▶ **EXERCISE DIRECTIONS**
Within the lines below, the span from the line with "С одной стороны" to the line with "причиною виникнення конфлікти", both ends included, is to be reproduced exactly, with pictures omitted.

▶ **SOURCE MATERIAL**
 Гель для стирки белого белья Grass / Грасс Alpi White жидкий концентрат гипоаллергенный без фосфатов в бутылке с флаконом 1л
---
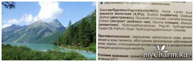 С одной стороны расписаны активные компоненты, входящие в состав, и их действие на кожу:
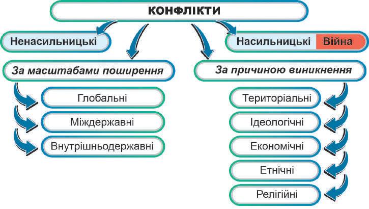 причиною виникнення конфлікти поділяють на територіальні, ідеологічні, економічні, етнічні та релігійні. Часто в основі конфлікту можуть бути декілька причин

▶ **ANSWER TO THIS TASK**
 С одной стороны расписаны активные компоненты, входящие в состав, и их действие на кожу:
 причиною виникнення конфлікти поділяють на територіальні, ідеологічні, економічні, етнічні та релігійні. Часто в основі конфлікту можуть бути декілька причин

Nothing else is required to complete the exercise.